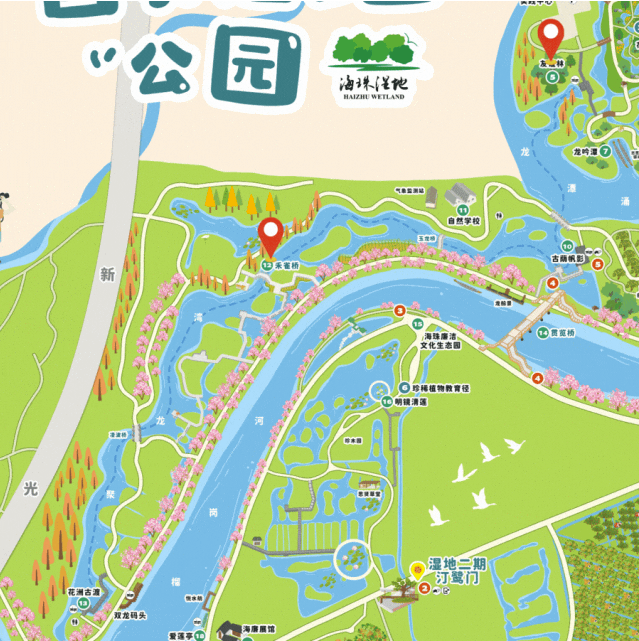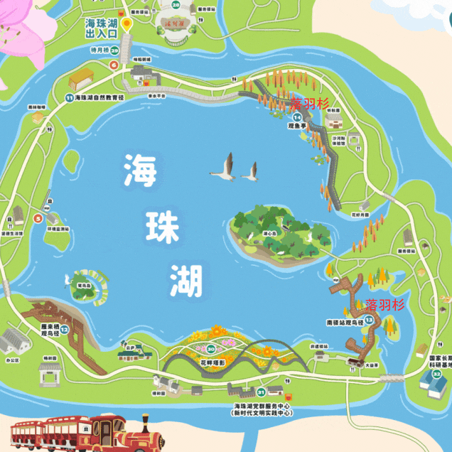 游船路线:以海珠湖码头为起点和终点,途经海珠湖鹭鸟岛、湖心岛、观鸟栈道、花畔塔影等多个人气景点。
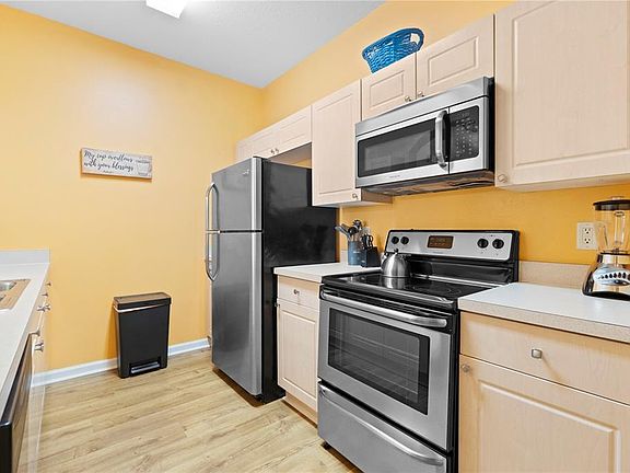 Don’t miss this rare first floor condo in the sought-after Windsor Palms Resort! Step inside and enjoy a bright, open layout featuring a combined living and dining area that flows seamlessly to a screened patio, perfect for relaxing after a day at the parks. The split bedroom design offers privacy and comfort. On one side, you’ll find a spacious primary suite with a walk-in closet and private bath. The opposite side includes a large second bedroom and a generous third bedroom, which share a full bath. All bedrooms and the main living areas feature new LVP flooring. This condo comes fully furnished and move-in ready, complete with stainless steel appliances, washer and dryer, and everything needed for a fantastic vacation rental or personal retreat. A newer AC unit provides peace of mind. Windsor Palms is a gated resort community with 24-hour security and a long list of amenities: a resort style pool, hot tub, splash pad, fitness center, clubhouse with arcade and movie theater, tennis, basketball, playground, Tiki bar, and more. Perfectly located just minutes from Disney, golf, restaurants, shopping, and entertainment, this condo is zoned for short-term, long-term, or full-time living. Opportunities for ground floor units like this are few and far between, schedule your showing today!
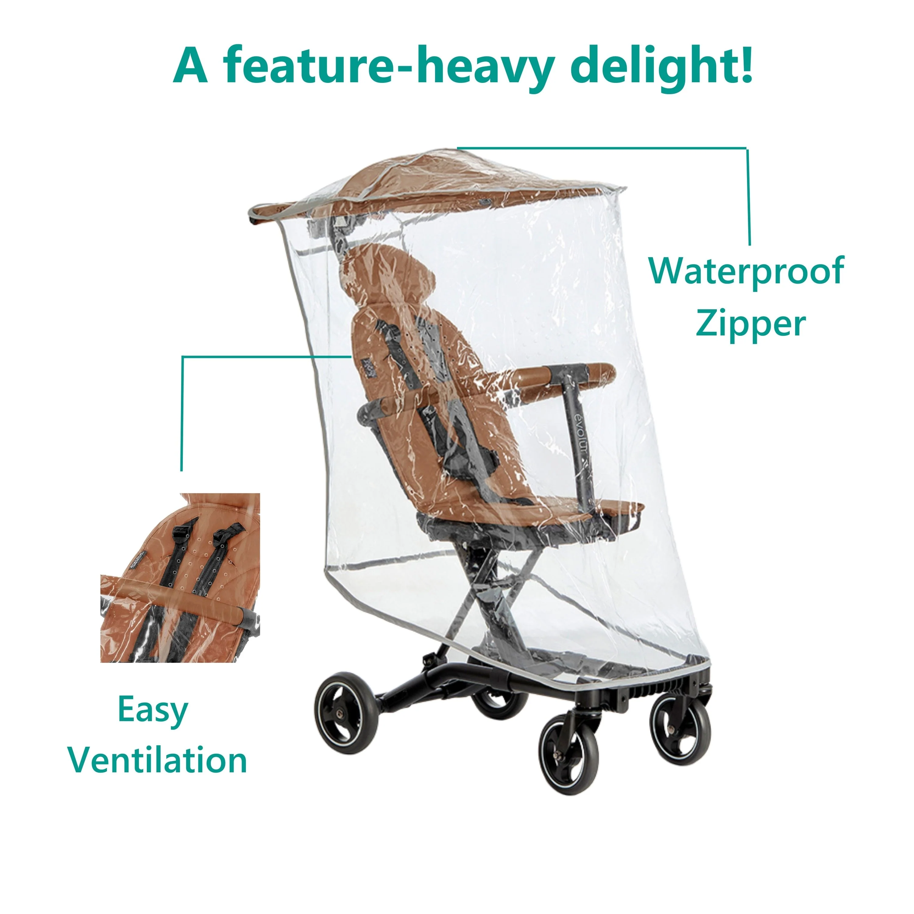 - Easily attach the rain cover to an Evolur Cruise Rider Stroller with Canopy and go on a stroll with your little one anytime, anywhere.
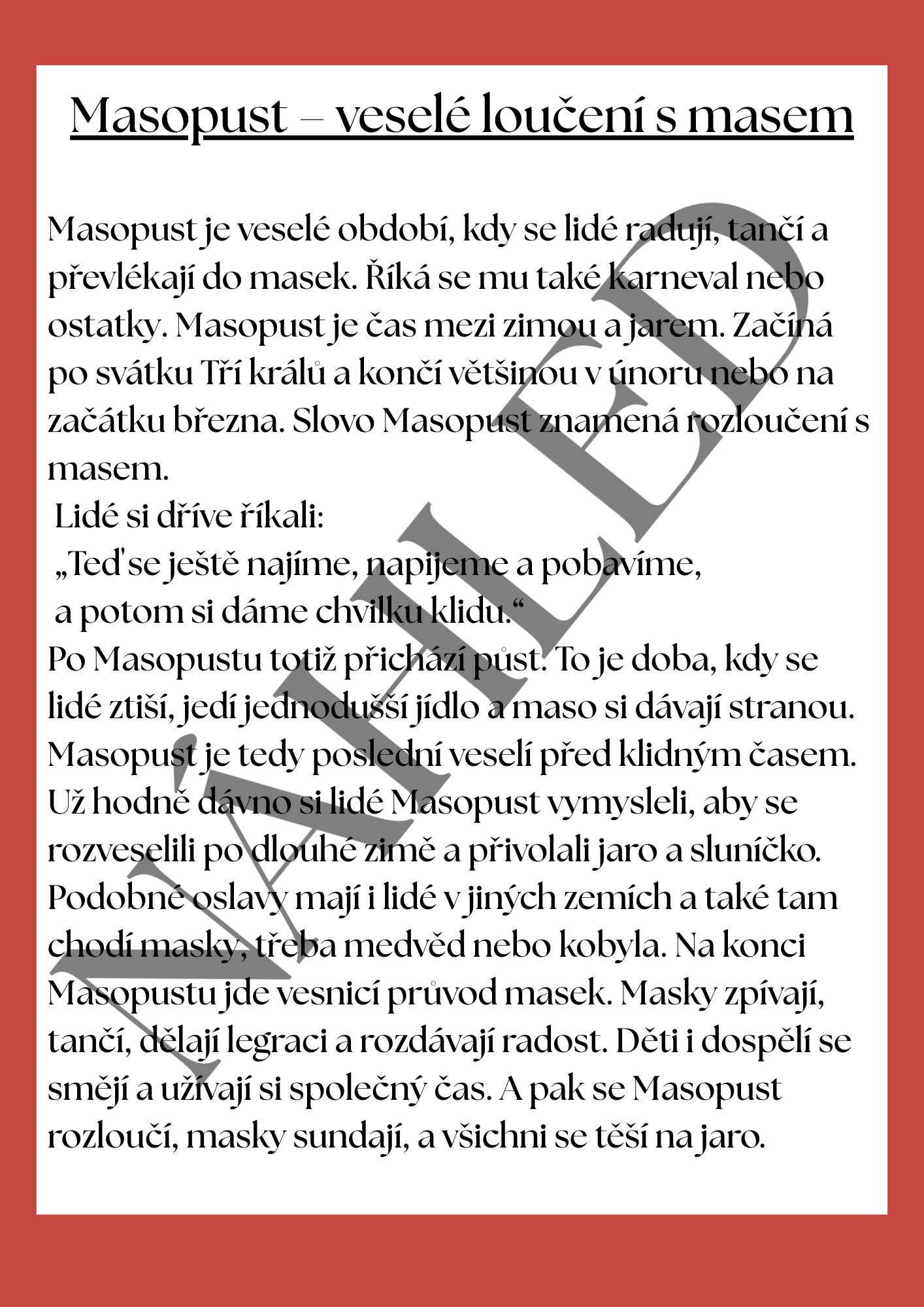 - masopustní logopedickou pohádku + dopomocné obrázky

■ ■ ■ ■

■ WORK ITEM: Leave every picture out, and reproduce exactly the lines from the line bearing "- Easily attach" through the closing line of the material above.

■ WRITTEN REPLY:
 - Easily attach the rain cover to an Evolur Cruise Rider Stroller with Canopy and go on a stroll with your little one anytime, anywhere.
 - masopustní logopedickou pohádku + dopomocné obrázky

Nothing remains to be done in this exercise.